# Exercise goal:
In the material below, find the line with "主题 :117期:彩民推荐〖貼信讀者論壇〗 |" and the line with "永福农商行基层党支部组织员工在清理河岸垃圾。", then output both and every line between them exactly, omitting pictures.

# Input data:
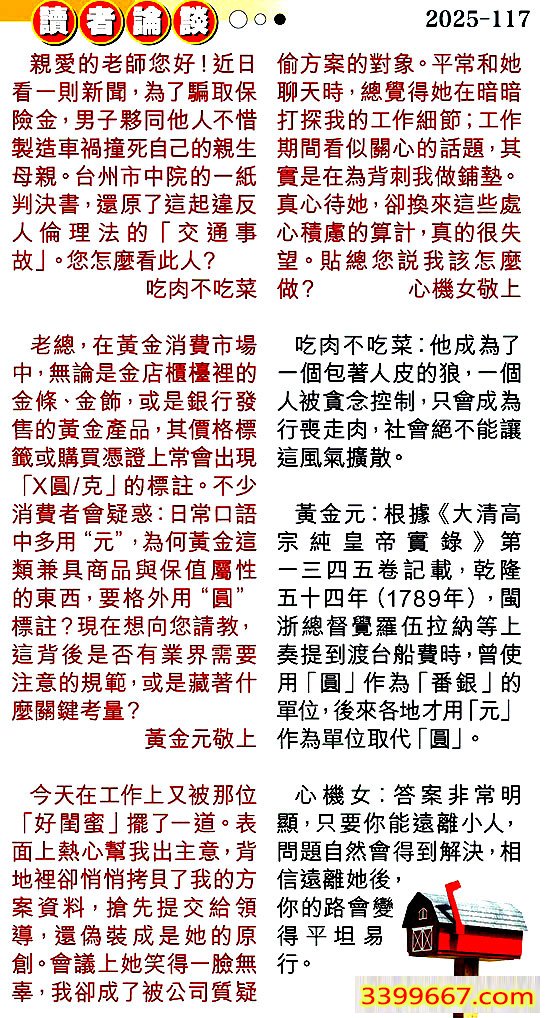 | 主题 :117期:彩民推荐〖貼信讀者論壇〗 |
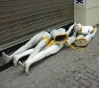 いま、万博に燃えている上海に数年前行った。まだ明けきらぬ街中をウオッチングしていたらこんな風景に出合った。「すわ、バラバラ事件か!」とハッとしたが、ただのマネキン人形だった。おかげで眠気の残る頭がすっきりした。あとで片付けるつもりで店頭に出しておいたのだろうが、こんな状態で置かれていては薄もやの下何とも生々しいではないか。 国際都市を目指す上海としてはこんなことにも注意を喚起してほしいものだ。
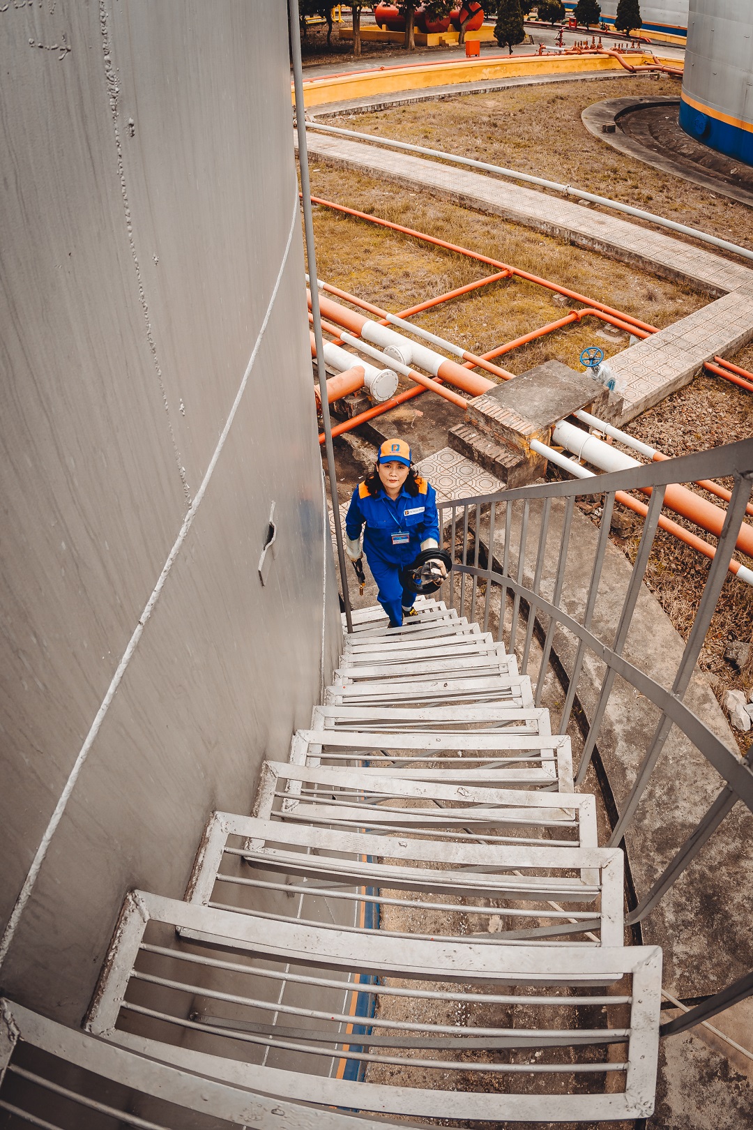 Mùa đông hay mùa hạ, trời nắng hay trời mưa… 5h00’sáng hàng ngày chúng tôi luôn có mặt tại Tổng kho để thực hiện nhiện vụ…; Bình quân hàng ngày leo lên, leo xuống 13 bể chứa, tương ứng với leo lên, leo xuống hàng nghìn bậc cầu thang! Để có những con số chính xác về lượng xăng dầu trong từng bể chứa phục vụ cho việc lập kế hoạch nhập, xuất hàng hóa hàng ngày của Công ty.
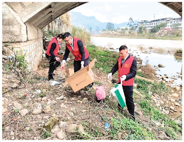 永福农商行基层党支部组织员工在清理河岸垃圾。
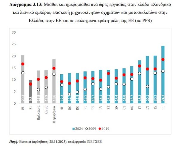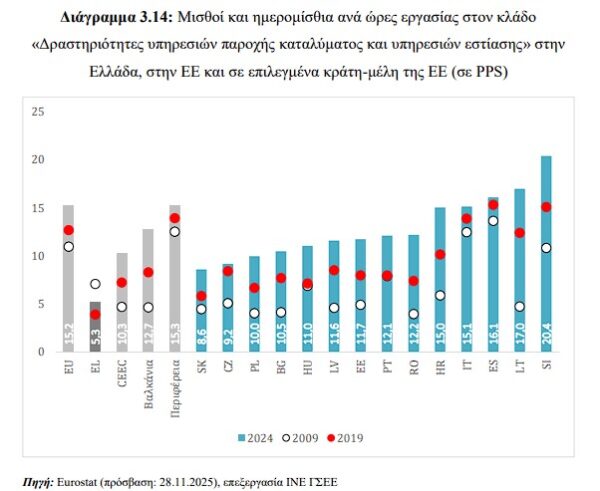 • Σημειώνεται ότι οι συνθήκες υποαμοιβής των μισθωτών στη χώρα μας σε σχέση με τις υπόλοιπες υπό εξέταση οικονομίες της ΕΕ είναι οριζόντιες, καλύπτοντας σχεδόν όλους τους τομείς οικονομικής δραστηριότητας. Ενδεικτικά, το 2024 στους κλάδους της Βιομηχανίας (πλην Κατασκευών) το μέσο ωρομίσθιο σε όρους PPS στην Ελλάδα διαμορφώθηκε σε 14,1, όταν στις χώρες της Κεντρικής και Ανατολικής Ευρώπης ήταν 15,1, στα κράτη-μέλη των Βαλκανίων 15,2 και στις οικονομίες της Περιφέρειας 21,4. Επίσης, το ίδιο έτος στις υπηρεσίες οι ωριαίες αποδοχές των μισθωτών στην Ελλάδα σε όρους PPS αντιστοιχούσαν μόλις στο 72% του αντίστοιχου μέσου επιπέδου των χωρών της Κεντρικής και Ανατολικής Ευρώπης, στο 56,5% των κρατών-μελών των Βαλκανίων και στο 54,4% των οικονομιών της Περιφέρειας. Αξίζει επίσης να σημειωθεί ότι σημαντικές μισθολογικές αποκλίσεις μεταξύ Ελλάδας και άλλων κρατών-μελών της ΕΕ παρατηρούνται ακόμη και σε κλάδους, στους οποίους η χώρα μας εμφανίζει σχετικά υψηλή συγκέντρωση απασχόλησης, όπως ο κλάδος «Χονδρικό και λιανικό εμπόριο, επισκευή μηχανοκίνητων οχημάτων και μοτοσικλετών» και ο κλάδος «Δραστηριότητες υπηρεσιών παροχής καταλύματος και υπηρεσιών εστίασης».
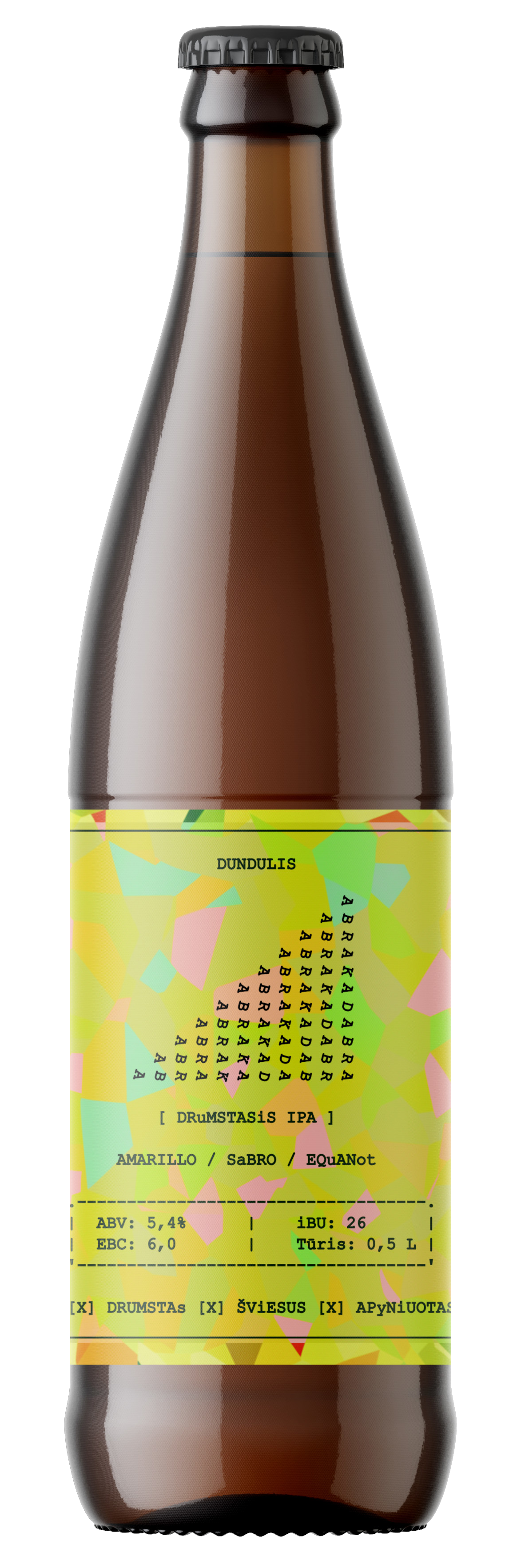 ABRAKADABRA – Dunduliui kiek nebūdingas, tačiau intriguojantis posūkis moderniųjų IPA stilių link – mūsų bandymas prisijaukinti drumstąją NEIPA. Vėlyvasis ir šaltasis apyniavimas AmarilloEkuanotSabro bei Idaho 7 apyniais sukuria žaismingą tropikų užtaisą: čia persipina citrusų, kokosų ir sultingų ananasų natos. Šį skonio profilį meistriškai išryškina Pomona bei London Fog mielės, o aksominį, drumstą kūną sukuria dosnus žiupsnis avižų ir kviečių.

...

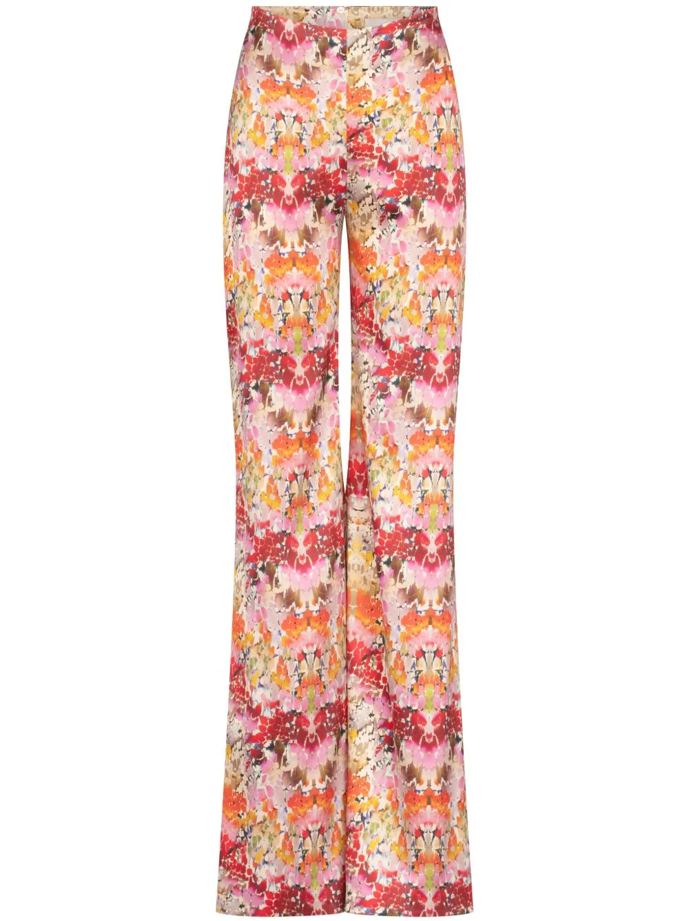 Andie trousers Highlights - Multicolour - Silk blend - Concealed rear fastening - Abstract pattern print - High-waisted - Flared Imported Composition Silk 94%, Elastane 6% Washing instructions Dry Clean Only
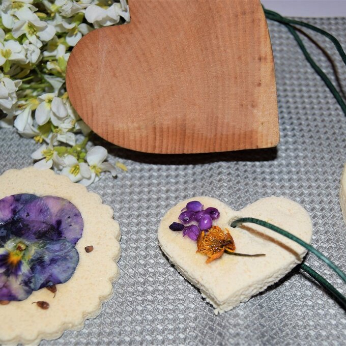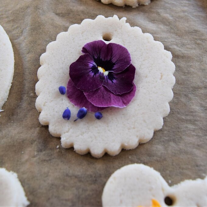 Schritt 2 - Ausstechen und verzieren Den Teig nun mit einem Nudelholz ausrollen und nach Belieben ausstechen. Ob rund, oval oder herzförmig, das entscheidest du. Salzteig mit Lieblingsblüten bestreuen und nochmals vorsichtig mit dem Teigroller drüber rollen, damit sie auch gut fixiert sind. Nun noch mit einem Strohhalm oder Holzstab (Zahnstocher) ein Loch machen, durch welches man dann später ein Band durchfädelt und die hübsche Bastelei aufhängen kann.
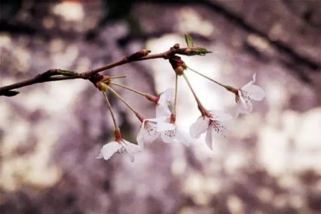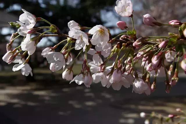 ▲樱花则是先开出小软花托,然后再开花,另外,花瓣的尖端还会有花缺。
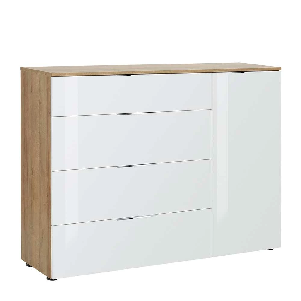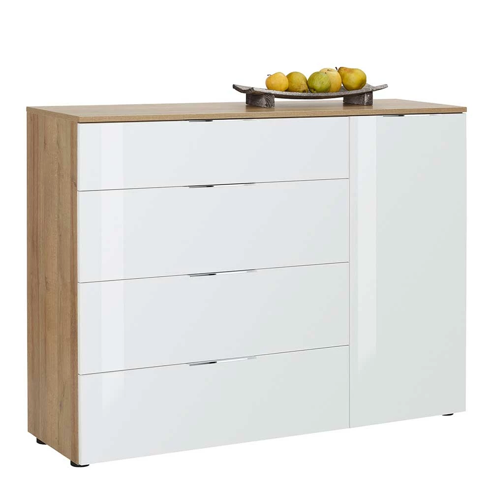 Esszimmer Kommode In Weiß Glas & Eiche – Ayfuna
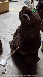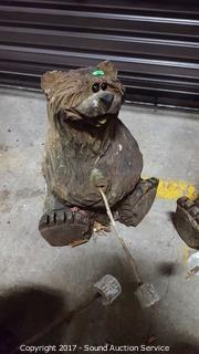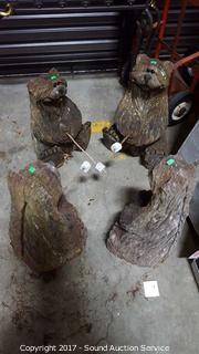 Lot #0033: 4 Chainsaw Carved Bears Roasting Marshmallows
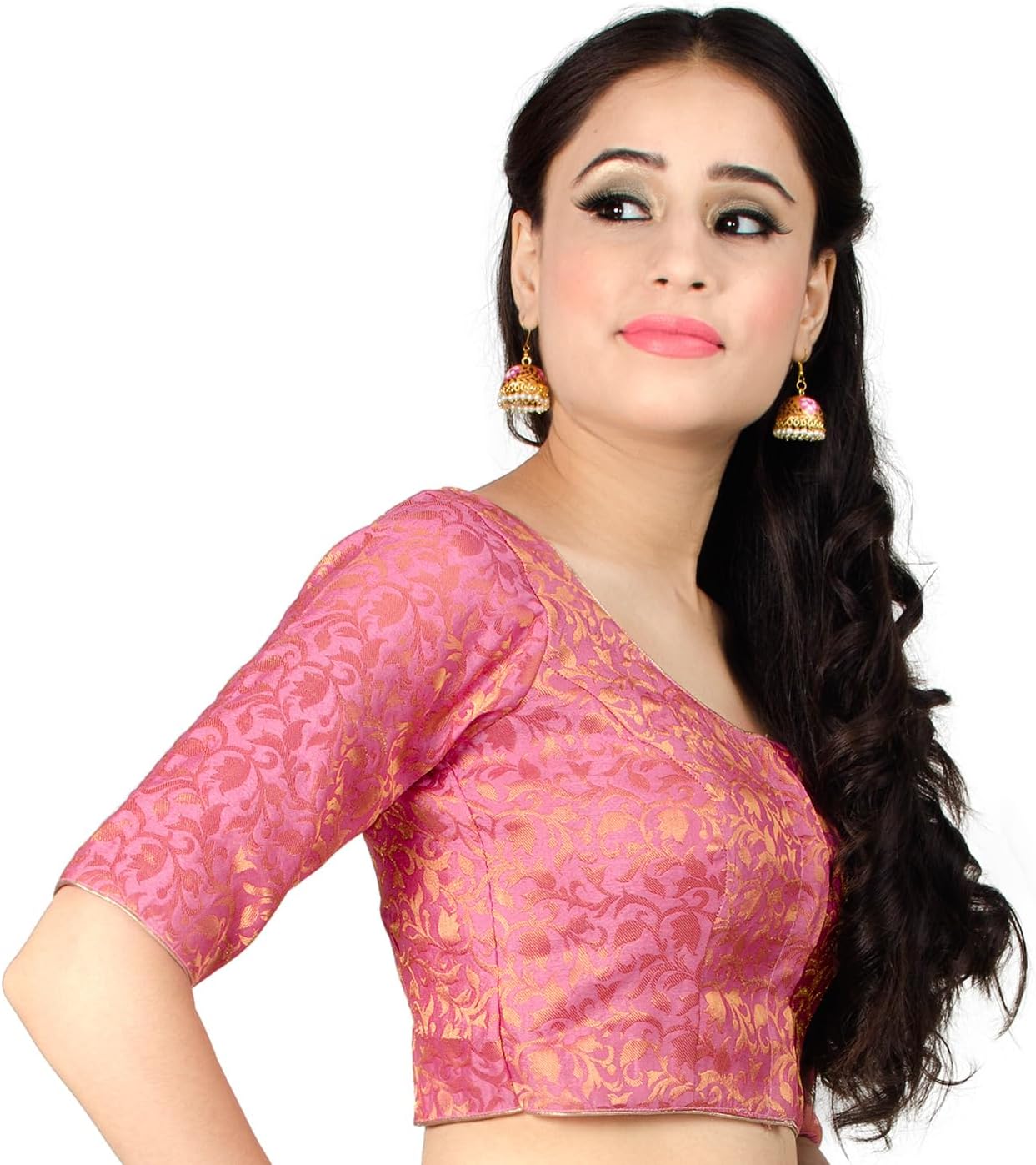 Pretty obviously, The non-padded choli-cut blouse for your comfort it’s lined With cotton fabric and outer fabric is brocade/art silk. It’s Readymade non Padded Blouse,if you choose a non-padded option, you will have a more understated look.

# Result of this task:
 | 主题 :117期:彩民推荐〖貼信讀者論壇〗 |
 いま、万博に燃えている上海に数年前行った。まだ明けきらぬ街中をウオッチングしていたらこんな風景に出合った。「すわ、バラバラ事件か!」とハッとしたが、ただのマネキン人形だった。おかげで眠気の残る頭がすっきりした。あとで片付けるつもりで店頭に出しておいたのだろうが、こんな状態で置かれていては薄もやの下何とも生々しいではないか。 国際都市を目指す上海としてはこんなことにも注意を喚起してほしいものだ。
 Mùa đông hay mùa hạ, trời nắng hay trời mưa… 5h00’sáng hàng ngày chúng tôi luôn có mặt tại Tổng kho để thực hiện nhiện vụ…; Bình quân hàng ngày leo lên, leo xuống 13 bể chứa, tương ứng với leo lên, leo xuống hàng nghìn bậc cầu thang! Để có những con số chính xác về lượng xăng dầu trong từng bể chứa phục vụ cho việc lập kế hoạch nhập, xuất hàng hóa hàng ngày của Công ty.
 永福农商行基层党支部组织员工在清理河岸垃圾。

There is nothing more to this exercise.